A CP will reduce the Polarized reflections only, yes it will help but WHITE is mostly diffuse reflection. The real answer is to control the light for better exposure. Wait till it is better: use a reflector: use fill flash : use shade : use a gobo. ect.

Cheers DeadEye


----------



## andrew99 (Feb 26, 2009)

You can play with the exposure compensation to reduce the overall exposure.. But I think the camera would tend to underexpose anyway, since it's a white object.  Can you post a photo with the problem?


----------



## Captain IK (Feb 26, 2009)

You really need to shoot white objects in manual.  The camera will want to expose the white car to meet 18% gray, so overexposure is necessary.
A polarizer and/or neutral density filter may help.  Take several shots using different combinations.
I would aslo recommend shooting in RAW format as it will be better for PP exposure adjustments.


----------



## bdavis (Feb 26, 2009)

If you shoot a car in the bright sun the camera is most likely going to underexpose it because it's a light object so the camera will select a fast shutter. Like Andrew said, play with the exposure comp. Plus, it's bad practice to photograph cars in bright, direct sunlight.


----------



## TheOtherBob (Feb 26, 2009)

The simplest solution is probably to meter off something nearby that isn't a bright white car, and then apply that to the car.  (A grey card is, I think, the _right_ way to do it -- but I've been known to use my hand, and it's worked pretty well.)


----------



## BrandonS (Feb 26, 2009)

When I'm at the track shooting I use manual exposure.  Auto modes don't seem to meter very good for dark cars or bright cars.  In any case I use center weighted metering and adjust for that on the car.  It may darken your background some, but your main subject is the car and that's what you want to come out.

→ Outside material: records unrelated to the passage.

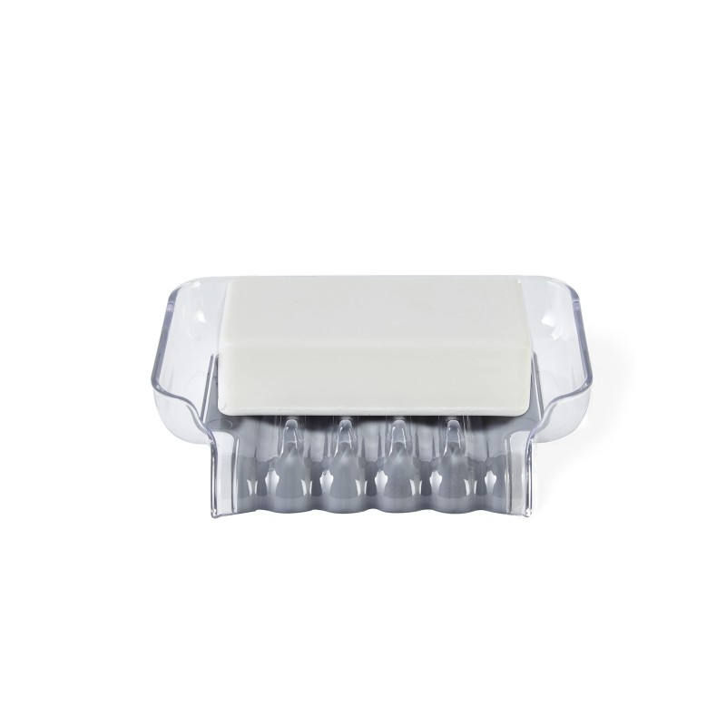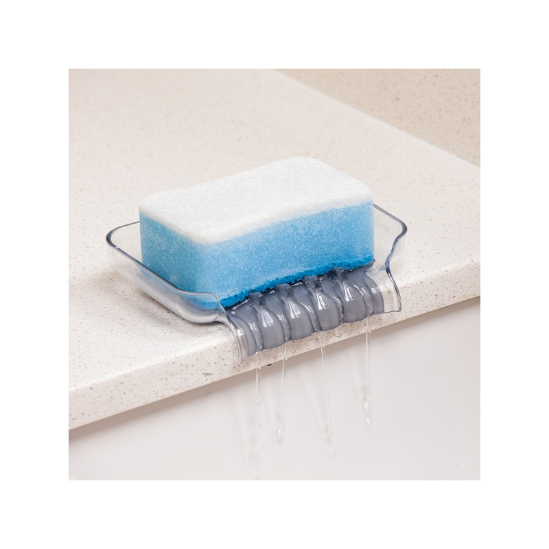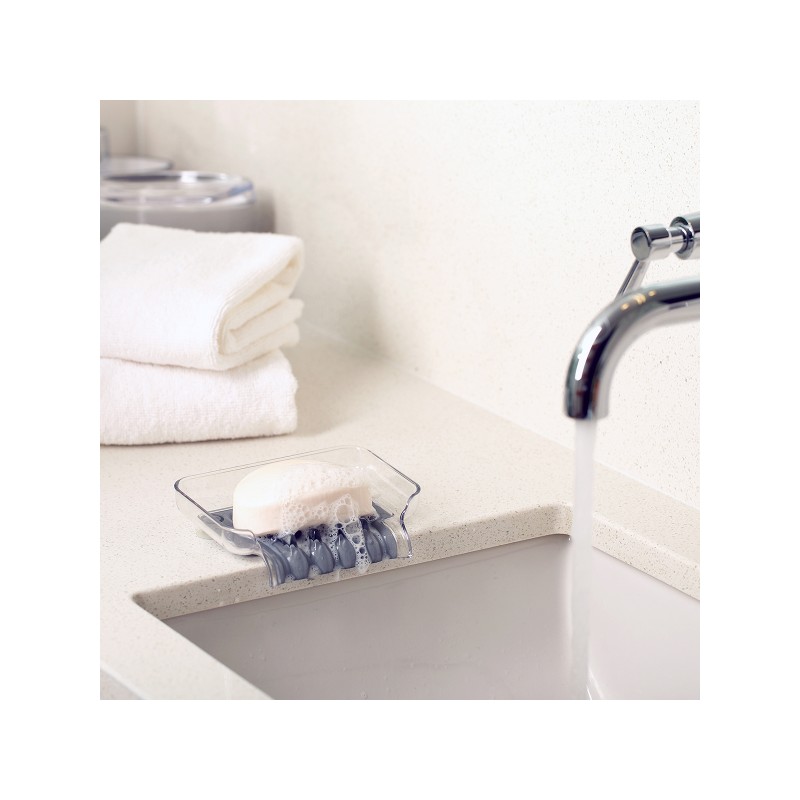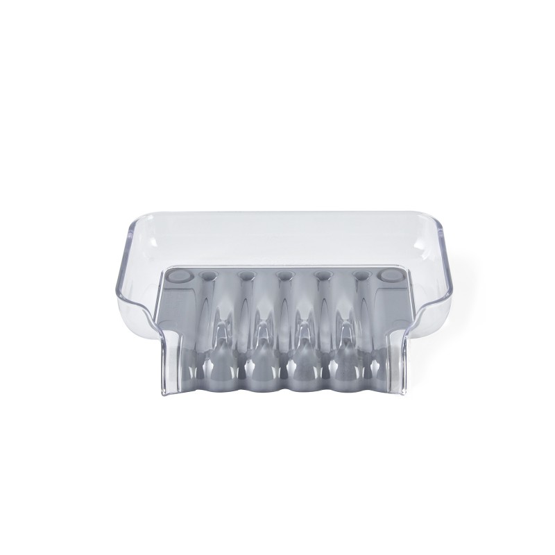 Мыльница на присосках TRICKLE TRAY - это уникальное, современное решение. С помощью системы каналов направляет излишнюю воду в раковину или ванну, предотвращает ее скоплению и способствует быстрому высыханию губок или мыла. Цвет прозрачный/серый.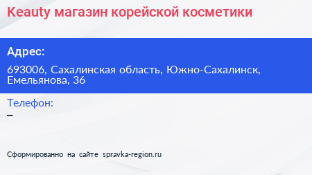 Keauty, магазин корейской косметики по адресу 693006, Сахалинская область, Южно-Сахалинск, Емельянова, 36 в дальнейшем Организация, размещена в следующих категориях: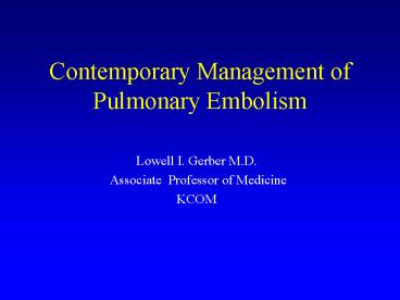 1Contemporary Management of Pulmonary Embolism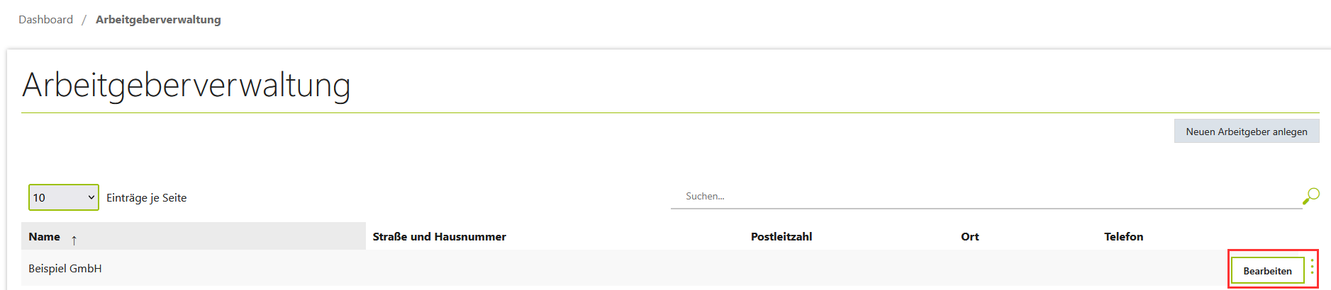 Wenn Sie vom Dashboard aus die Arbeitgeberverwaltung öffnen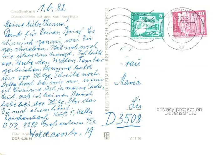 73801837 Grossenhain_Sachsen Dianabrunnen auf dem Karl Marx Platz Grossenhain Sachsen postalisch gelaufen 1982 Erhaltung siehe scans [WerneD78] [WernPID7 ]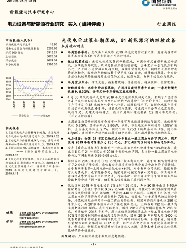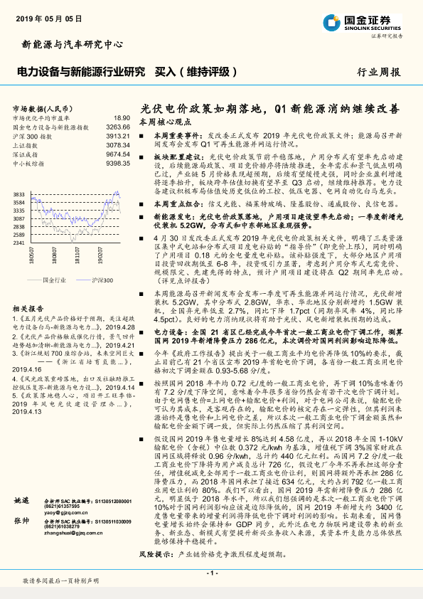 【国金证券】【20190505】20190505-国金证券-电力设备与新能源行业周报:光伏电价政策如期落地,Q1新能源消纳继续改善-4页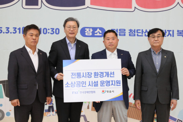 ▲김창범 한경협 부회장이 31일 전북 정읍시 첨단산업단지 복합문화센터에서 열린 경영자문 상담회 '찾아가는 소망버스-전북편'에서 이칠범 정읍시 소상공인위원회 위원장에게 전통시장 및 소상공인 시설 운영지원금을 전달하고 있다. 왼쪽부터 이학수 정읍시장, 김창범 한경협 부회장, 이칠범 정읍시소상공인연합회 회장, 박일 정읍시의회 의장 (사진=한경협)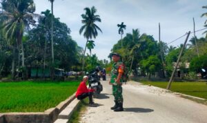 Abdya – Jajaran Pos Ramil 08/Setia Kodim 0110/Abdya bersama Bhabinkamtibmas melakukan Patroli Gabungan di wilayah binaan dan kembali mengingatkan masyarakat agar selalu gunakan masker di saat keluar rumah.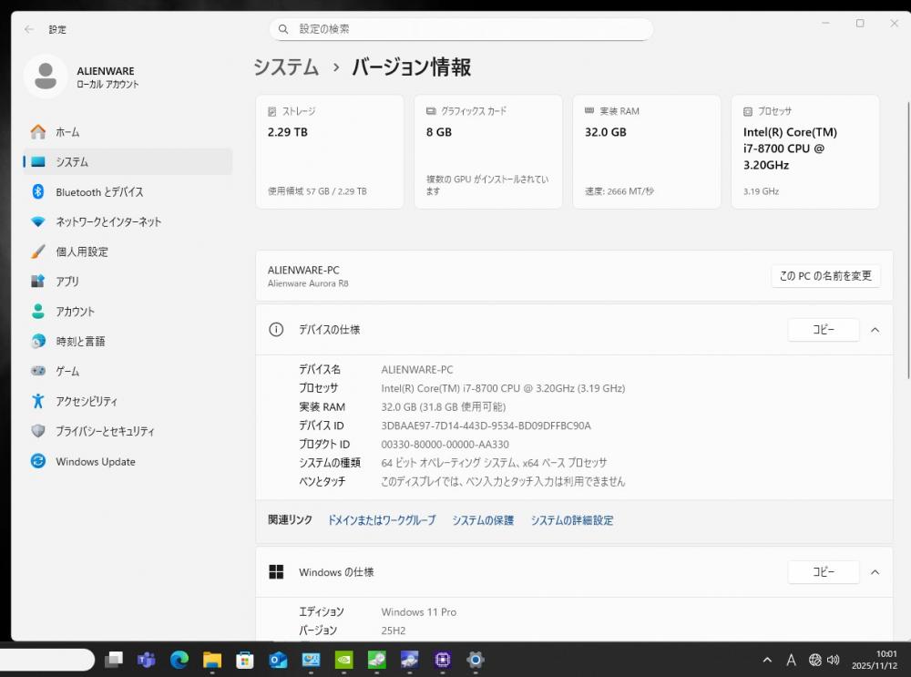 | 型番: DELL ALIENWARE Aurora R8 |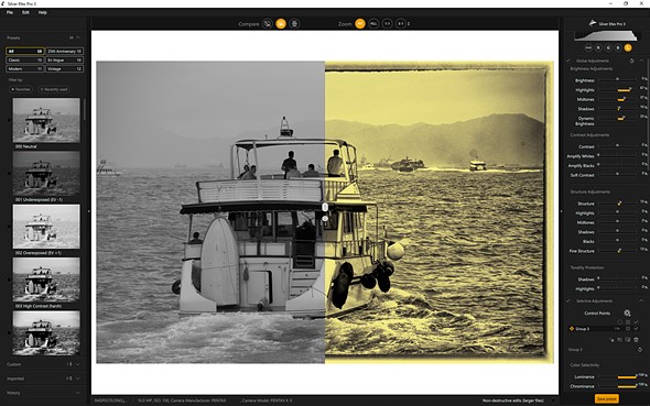 Available immediately as part of the Nik Collection 4 bundle, Silver Efex Pro 3 can function either standalone or as a plugin for Photoshop, Lightroom and other compatible apps on both Windows 8.1+ or macOS 10.14+. (And as of the recently-released Nik Collection 4 version 4.2, this includes support for Adobe Photoshop running natively on Apple M1 devices.)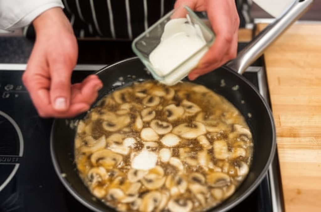 Usuń patelnię z ognia, dolej 200 ml zimnej wody, wsyp Sos do pieczeni jasny Knorr, dzięki któremu sos nabierze gęstości i będzie właściwie przyprawiony. Wszystko starannie zamieszaj, aby upewnić się, że esencja całkowicie się rozpuściła.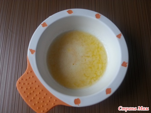 Заливаем в них молоко и растопленное масло, хорошенько перемешиваем.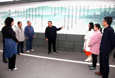 谷城农村追求精神富强 谷城县城关镇安家岗村的村民们富裕了,村里经济实力增强了,党支部就带领村民们追求精神富强,在村里兴办文化工程,发展文化项目,如新建文化广场、诗歌墙,在村民房舍墙上绘画。现在人们走进安家岗村,村容村貌焕然一新,浓厚的文化氛围扑面而来。11月11日,村党支部书记尚安仁(中)在向县作家协会采风成员介绍村里的诗歌墙。 通信住址:谷城县城粉阳路33号(宣传部)帅瑜 摄 手机号码:13972211958 邮政编码:441700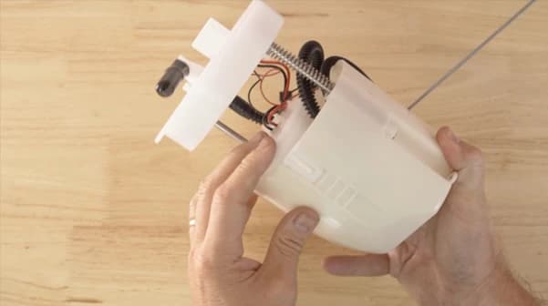 To remove the pump from the fuel filter housing, there are five clips holding the pump into the assembly at the bottom. Undo the clips, setting the filter bracket and sock aside as they will be reused as well, and slide the fuel pump out of the fuel filter housing.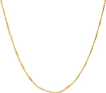 The Adina Eden Solid Bar X Ball Chain Necklace is a distinctive and stylish accessory, crafted from brass and plated in luxurious 14K gold for a refined finish. With a delicate 1.5mm thickness, this necklace features an alternating bar and ball design that creates a unique and eye-catching texture. Available in 14", 16", and 18" lengths, it offers versatile styling possibilities—perfect for layering or wearing solo as a subtle statement piece. Finished with a secure lobster lock clasp, this necklace brings a modern edge to any jewelry collection.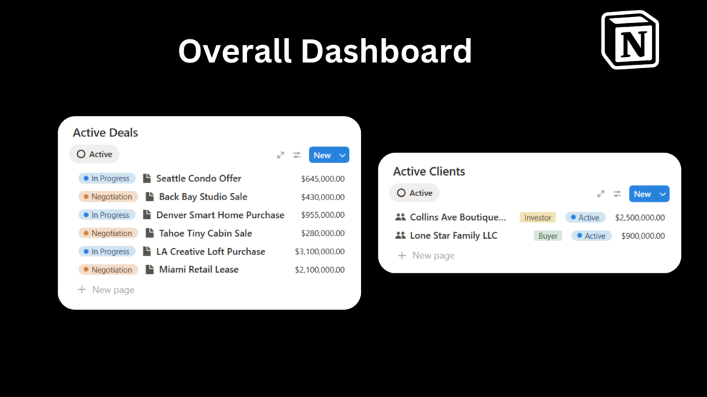- Clients / Leads Database β Track lead sources, engagement, and follow-ups.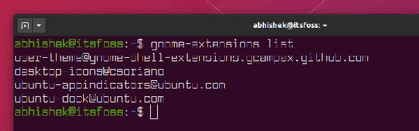 在终端中,使用以下命令列出所有可用的 GNOME 扩展: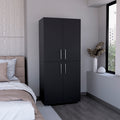 Hazel 70" High Four Door Armoire Wardrove Closet Cabinet, Six Shelves And Two Hanging Rods, Bedroom Clothes Storage Cabinet Organizer Black Black Bedroom Modern Particle Board
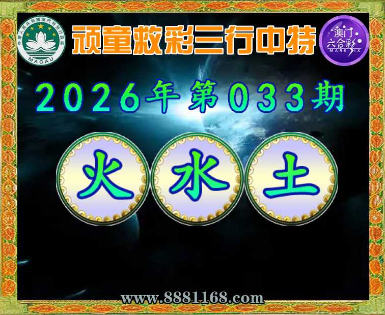 033期:〖顽童救彩〗 📙三行中特📙【火.水.土】开:00准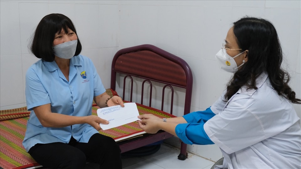 Chị Hà xúc động khi nhận được hỗ trợ từ Liên đoàn lao động thành phố.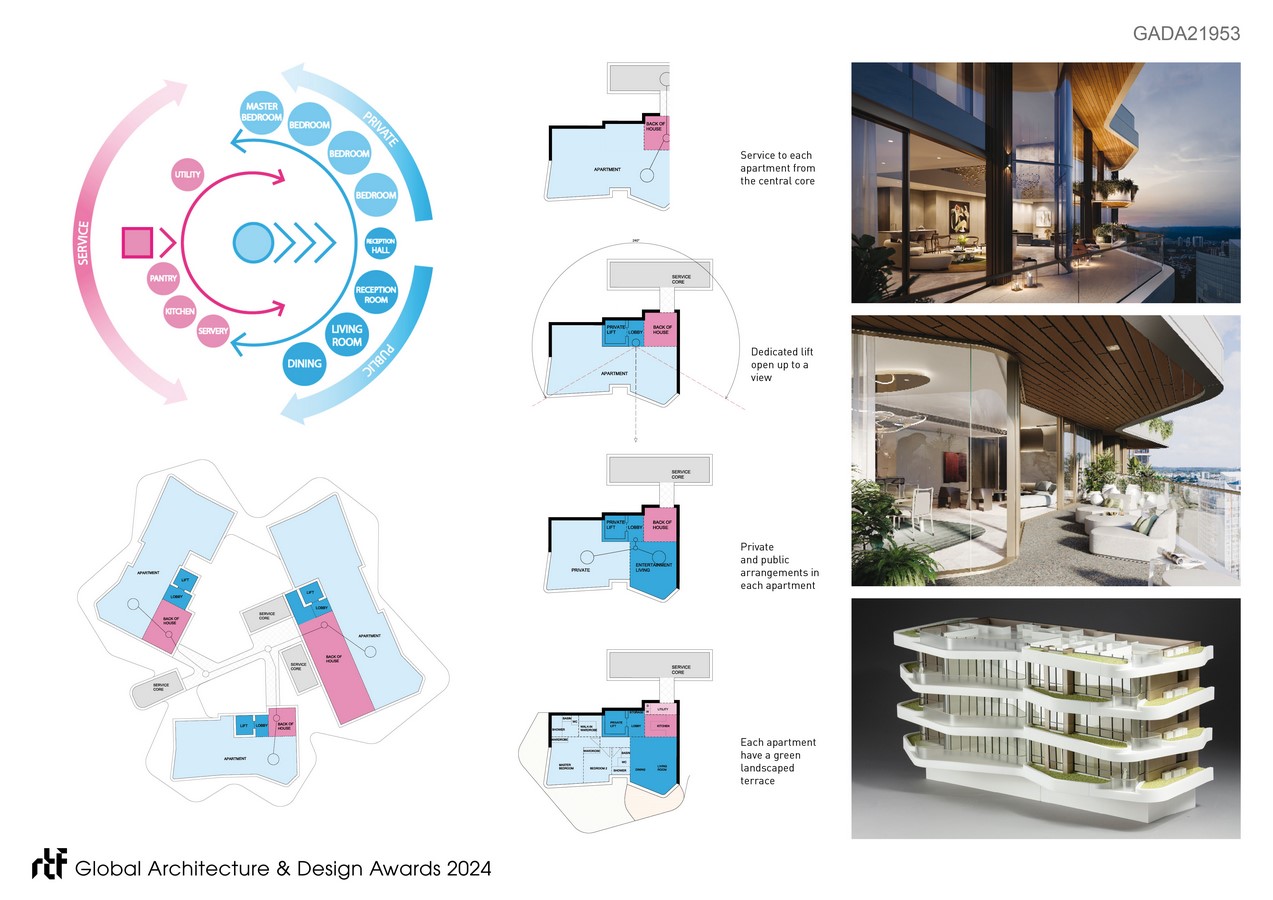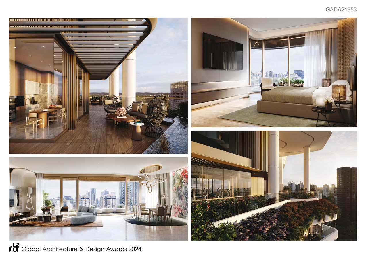 54 residences, ranging from 2 to 5 bedrooms, have been included across 21 storeys, each bathed in light and benefitting from unique 270-degree panoramic views across the city’s skyline through expansive floor-to-ceiling windows. The spacious apartments offer refined layouts including dynamic private and entertaining spaces that seamlessly connect to generous planted terraces and gardens, marrying the outdoor environment with the comforts of home.

Something else yo could try would be involve shooting the side of the car that is cast in shadow.  That works out well for getting most of it to expose, but between that and the part that is highlighted in the sun you end up with a large dynamic range and it usually blows out where the sun was hitting.


----------



## AUZambo (Feb 26, 2009)

Just curious...why must you take the picture in direct sunlight?  Is it not feasible to take the pictures later or earlier in the day, or wait for a cloudy day?


----------



## LarryD (Feb 26, 2009)

With digitals, whites tend to over saturate the sensor and blow out all detail, which is unrecoverable..

If you are specifically shooting the white car, meter off the car, and meter off the foreground, then take the difference and dial in some exposure compensation.  If you have a tight crop on the car, use center-weighted or spot; and bracket..

The backgound will be dark, but you should retain the details in the over-bright car.


----------



## NM Rich (Feb 26, 2009)

AUZambo said:


> Just curious...why must you take the picture in direct sunlight? Is it not feasible to take the pictures later or earlier in the day, or wait for a cloudy day?


 
That just happens to be when I get out of work...


----------



## NM Rich (Feb 26, 2009)

Thanks for all your replies!  I'm gonna give it a try tomorrow...


----------



## KvnO (Feb 26, 2009)

TheOtherBob said:


> (A grey card is, I think, the _right_ way to do it -- but I've been known to use my hand, and it's worked pretty well.)



I was hoping someone would mention a gray card.  That's the first thing I thought of when reading the title.  So, I ignored the thread for a while and when I finally read through it, I was surprised only one person mentioned it.  

Really, gray cards are cheap (when compared to other photo gear) and oh-so-useful (especially with situations like this).  Everybody should have one.  They're available at most camera shops and online.  

Good luck.


----------



## Joves (Feb 26, 2009)

Yeah as was said the polarizer is your best bet. That and adjusting the Exposure Compensation.


----------